| ASSIGNMENT |
Although the data below contains pictures, output only the lines between those holding "Robert Ludlum beherrscht" and "- Lassiter said", inclusive, exactly and without those pictures.

:: DATA SECTION

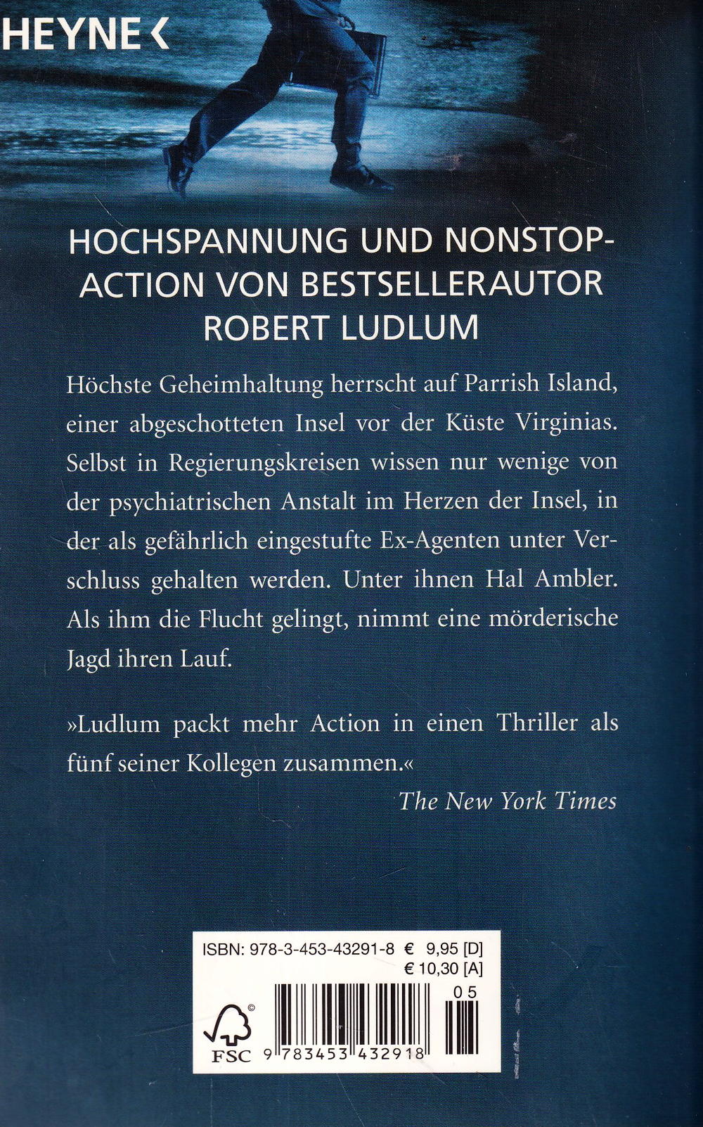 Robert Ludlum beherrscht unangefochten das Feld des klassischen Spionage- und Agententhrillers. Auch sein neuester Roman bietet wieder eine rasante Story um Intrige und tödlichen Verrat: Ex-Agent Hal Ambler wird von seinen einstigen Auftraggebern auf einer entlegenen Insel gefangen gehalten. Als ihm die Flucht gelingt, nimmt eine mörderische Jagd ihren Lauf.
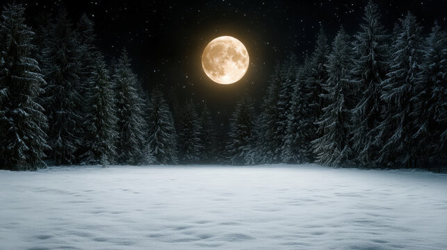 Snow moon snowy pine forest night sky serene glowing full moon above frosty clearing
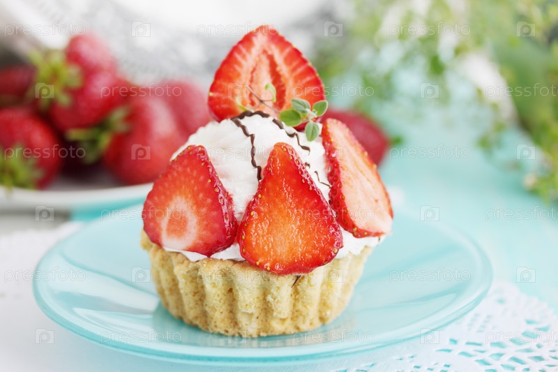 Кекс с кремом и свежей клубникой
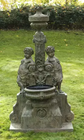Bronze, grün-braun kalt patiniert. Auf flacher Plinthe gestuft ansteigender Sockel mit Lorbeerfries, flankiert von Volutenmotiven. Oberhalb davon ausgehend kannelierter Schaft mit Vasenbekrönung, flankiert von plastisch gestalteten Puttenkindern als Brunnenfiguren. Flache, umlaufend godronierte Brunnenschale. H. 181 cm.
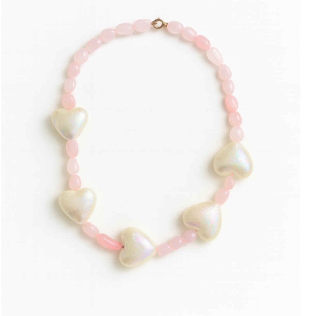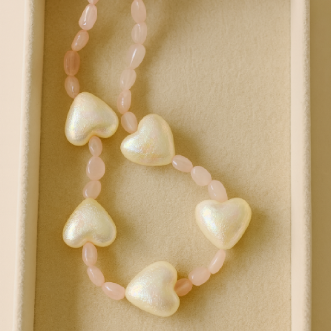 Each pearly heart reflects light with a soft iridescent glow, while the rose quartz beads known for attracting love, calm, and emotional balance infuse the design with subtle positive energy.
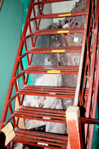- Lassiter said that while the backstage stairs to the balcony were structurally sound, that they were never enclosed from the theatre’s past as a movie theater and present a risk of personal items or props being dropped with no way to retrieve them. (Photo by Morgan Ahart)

::::
:: DATA SECTION

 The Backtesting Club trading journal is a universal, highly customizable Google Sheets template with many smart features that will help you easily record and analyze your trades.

::::
:: DATA SECTION

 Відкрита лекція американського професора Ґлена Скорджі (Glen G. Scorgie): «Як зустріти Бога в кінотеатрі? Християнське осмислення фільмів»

::::

| WORKED SOLUTION |
 Robert Ludlum beherrscht unangefochten das Feld des klassischen Spionage- und Agententhrillers. Auch sein neuester Roman bietet wieder eine rasante Story um Intrige und tödlichen Verrat: Ex-Agent Hal Ambler wird von seinen einstigen Auftraggebern auf einer entlegenen Insel gefangen gehalten. Als ihm die Flucht gelingt, nimmt eine mörderische Jagd ihren Lauf.
 Snow moon snowy pine forest night sky serene glowing full moon above frosty clearing
 Кекс с кремом и свежей клубникой
Bronze, grün-braun kalt patiniert. Auf flacher Plinthe gestuft ansteigender Sockel mit Lorbeerfries, flankiert von Volutenmotiven. Oberhalb davon ausgehend kannelierter Schaft mit Vasenbekrönung, flankiert von plastisch gestalteten Puttenkindern als Brunnenfiguren. Flache, umlaufend godronierte Brunnenschale. H. 181 cm.
 Each pearly heart reflects light with a soft iridescent glow, while the rose quartz beads known for attracting love, calm, and emotional balance infuse the design with subtle positive energy.
- Lassiter said that while the backstage stairs to the balcony were structurally sound, that they were never enclosed from the theatre’s past as a movie theater and present a risk of personal items or props being dropped with no way to retrieve them. (Photo by Morgan Ahart)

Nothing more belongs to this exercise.